Kehadiran PPNS di SKPD,  selama ini kinerjanya terkesan terbelenggu. Mereka lebih banyak bergelut dengan ewuh pakewuh daripada  perlihatkan greget performance-nya sebagai penyidik.

Berkaca dari referensi tersebut, tutur Ade yang juga anggota komisi hukum DPRD Kota Bandung ini, adanya konsideran baru mendorong perlunya dimasukan klausul baru dalam Raperda PPNS tersebut. Diantaranya, penyesuaian syarat pengangkatan PPNS, sesuai ketentuan PP Nomor 58 Tahun 2010. Kewenangan PPNS melakukan pembebanan biaya paksa (di Pasal 4 ayat (1) poin i) penegakan hukum terhadap pelanggar sesuai dengan ketentuan dalam UU 23 tahun 2014.

Pembentukan sekretariat PPNS di Satuan Polisi Pamong Praja dalam mengakomodir PPNS di lingkungan Pemkot Bandung, sesuai ketentuan Surat Edaran Mendagri Nomor 182.1/857/SJ) dan penguatan kelembagaan dari sisi regulasi. Dan pemberian hak insentif bagi PPNS dalam menjalankan tugas.

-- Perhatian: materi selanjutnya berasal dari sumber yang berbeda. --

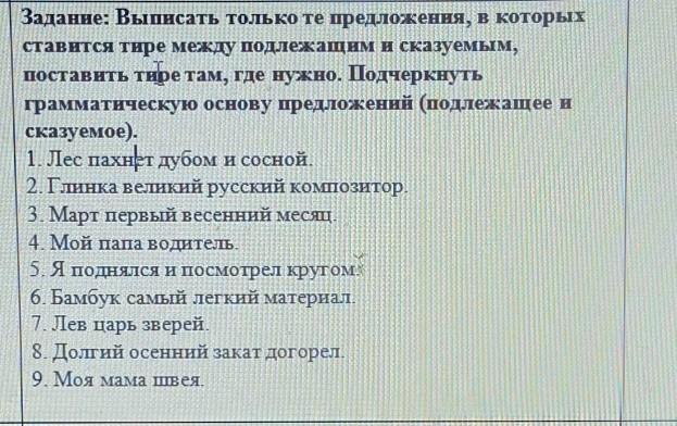 2. Глинка (подлежащее, подчеркнем одной чертой) – великий русский композитор(сказуемое, подчеркнем двумя чертами).

Sehingga untuk penguatan klausul-klausul itu, Pansus sepakat memasukkan konsideran mengingat yakni : UU Nomor 12 tahun 2011 tentang pembentukan peraturan perundang-undangan, Kepmendagri Nomor 6 tahun 2003 tentang pedoman pembinaan PPNS di lingkungan Pemerintah Daerah dan Kemendagri Nomor 7 tahun 2003 tentang pedoman operasional PPNS dalam penegakan Perda. ’’Ketiga konsideran tersebut sangat relepan dengan substansi materi Perda,” tandas Ade.